HORTA is an underground geographic positioning technology utilized in the mining industry and being considered for extraterrestrial space mining applications. The technology utilizes a gyroscope and an accelerometer, together called an inertial navigation system or INS, to aid in 3D-position determination.

It was developed by Canadian mining company Inco in the late 1990s, based on an earlier technology that had been originally developed for the United States Armed Forces. It provides an automated solution to the problem of positioning and location in underground mines.

The term is a backronym for the Horta, an alien species seen in the Star Trek episode "The Devil in the Dark"; the aliens were excellent miners. As Inco uses the term, HORTA stands for Honeywell Ore Retrieval and Tunneling Aid.

A mining vehicle, "with a HORTA mounted, can survey much faster and more accurately than manual surveys. It takes the truck 120 minutes to survey a 1.6-km-long drift, recording 1,500 points every 60 cm.

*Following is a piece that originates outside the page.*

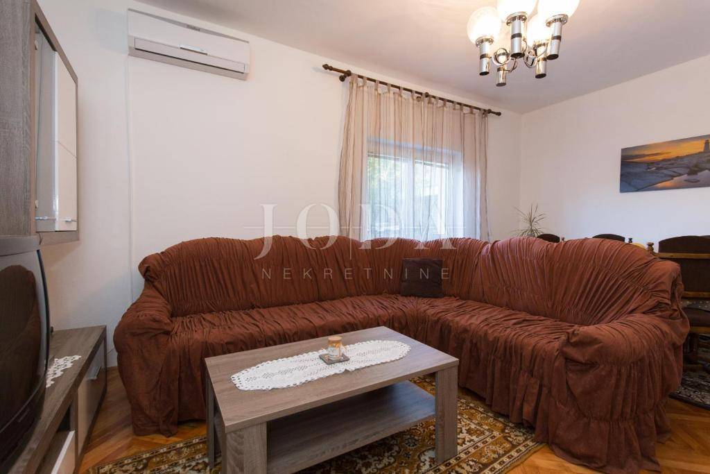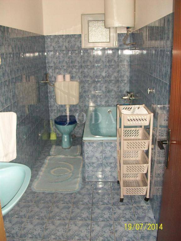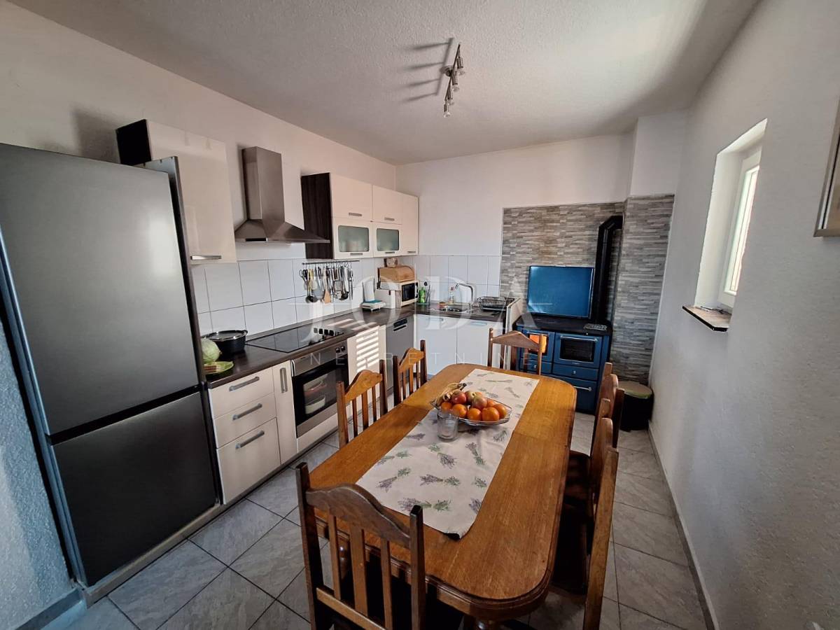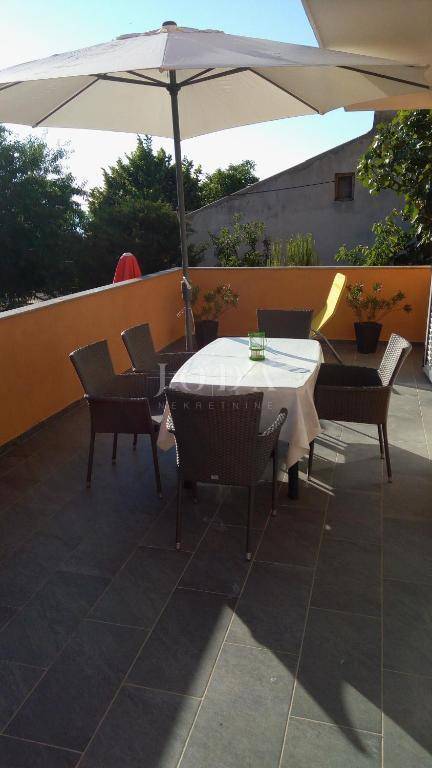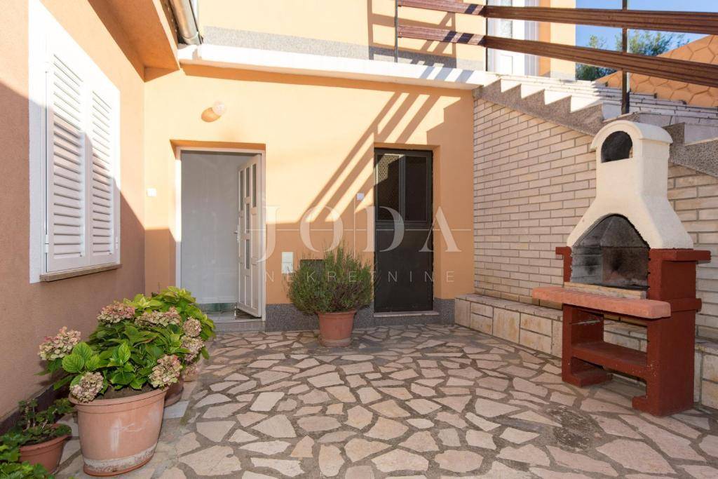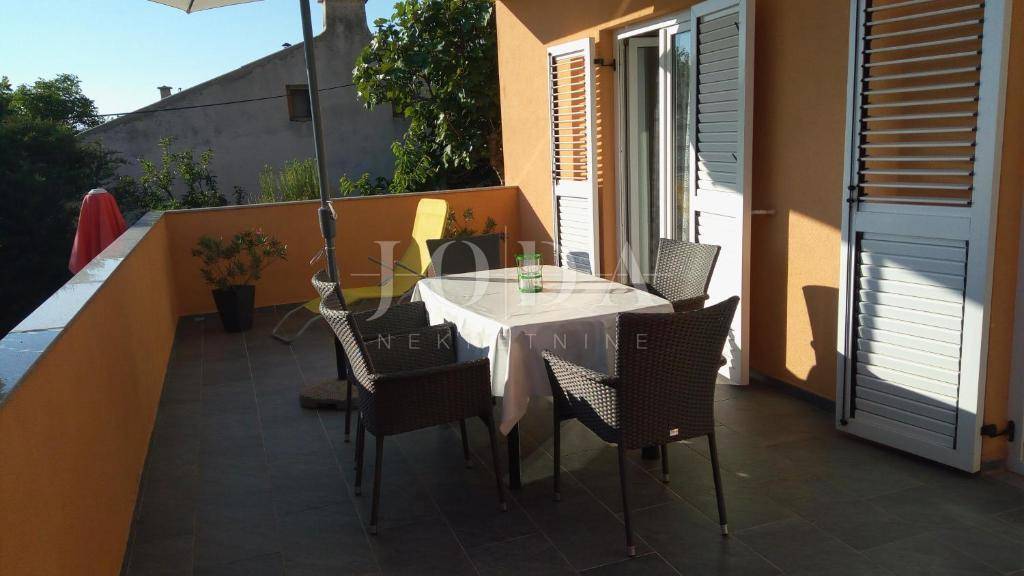 Prodajemo kuću na lijepoj i mirnoj lokaciji sa pogledom na more nedaleko od centra grada. Kuća se sastoji od dvije stambene jedinice. U prizemlju je stan koji se sastoji od pred prostora ,kuhinje s dnevnim boravkom, dvije spavaće sobe, kupaonice, prostrane terase i drvanice. Vanjskim stpenicama ide se na kat, gdje se nalazi stan, koji se sastoji od dva pred prostora, kuhinje sa blagovanom, dnevnog boravka iz kojeg se izlazi na balkon sa kojeg se pruža prekrasan pogled na more te tri spavaće sobe i kupaone. Unutar okućnice nalazi se parkino mjesto i ljetna kuhinja sa kupaonom. Kuća ima termo fasadu i novi krov. Nekrtnina za život preko cijele godine, ali i za turizam.

This compares with a manual survey of the same distance that takes 180 hours, and records only five points every 6 m. Added benefits from such a detailed survey would be to allow engineers to design more effective ventilation systems, or to regularly check ground stability."

HORTA units may be fitted onto all mobile underground equipment, including drills, so their position may be determined with acceptable engineering accuracy.